The third context will focus on analyzing SQL Server data remotely. This is a scenario where data in SQL Server running R Services is analyzed in-database on the server. Here, computations are performed at the location of the data. Unlike the memory bound analysis in the previous contexts, computations with MRS and ScaleR in a remote compute context enables full parallel threading & processing. This context could scale to really Big Data computations remotely and distribute them across a cluster of computers (nodes) if available on RDBMs, EDWs, Hadoop and the Cloud.

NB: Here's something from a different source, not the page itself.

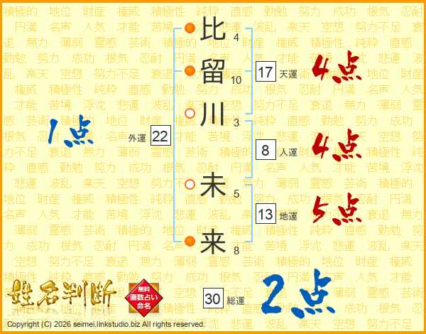 生活面を象徴する運勢です。外部から受ける影響力を表し、結婚運、家庭運や職場、環境への順応性を表します。総運から人運を引いた画数。姓や名が1文字の場合を除く。

To follow the examples, I recommend starting with the free Microsoft R Client especially those new to Microsoft R. It gives you Microsoft R Open (MRO) with full support of all base R functions so that you can write R-only solutions, but it also ships with Microsoft R proprietary packages, including the new MicrosoftML package, olapR, mrsdeploy, and the RevoScaleR packages which exposes the ScaleR. You can integrate it with an R IDE of your choice, e.g. Rstudio or R Tools for Visual Studio (RTVS). We will need to run R code in SQL Server, be sure to install R Services as described here.

In the examples I will use the RStudio IDE on my local machine which is running the Microsoft R Client.To test the third scenario, I will connect to a remote SQL Server running R Services. All R and SQL script used for the exercises that follows are in the attached files.

Intro to Data Science Concepts

I titled the series "Advanced Analytics with SQL Server and R…." because with SQL Server and R ( or with only SQL Server today) one could accomplish many Advanced Analytics exercises in Data Science including data preparations, exploratory data analysis, statistical modelling, machine Learning and many more (as outlined on figure1 and figure6 in Part I of the series).

Predictive Analytics

Predictive Analytics is a comprehensive exercise that comprises of many phases. Normally the objective is to be able to predict a response variable using selected predictors as we will see in the example that follows. Predictive modeling problems are mostly defined by their width i.e. the number of potential predictors (columns) and their depth or number of observations or cases (no of rows) in the data set. It is usually the number of potential predictors that gives Data Scientist and analysts the most grief. Depending on the domain or vertical there could be could be thousands of predictors, most of them with weak relationships to the response variable. In the exercises that follow we will be fortunate because we will use about 12 selected predictor out of only a handful. A Predictive Analytics problem for a manufacturer that a team and I worked on had over 1500 predictors. Theerefore the bulk of Predictive modeling process could often involves finding good subsets from numerous predictors.

Note that depending on the business or analytics objectives, a data scientist could be call upon to build various other types of models, a scope too big to discuss here. Predictive Models which are as a result of Predictive Analytics exercises are usually algorithmic models. These models are not used for inferences like other statistical models therefore the way the predictors interact with the response variable is of not much importance. Normally the objective is to find the model that can make the best prediction.

At a high-level, the three major phases in a Predictive Analytics iterative lifecycle are as summarized in the steps in Figure 1 below;

Figure 1: Showing a typical Predictive analytics lifecycle.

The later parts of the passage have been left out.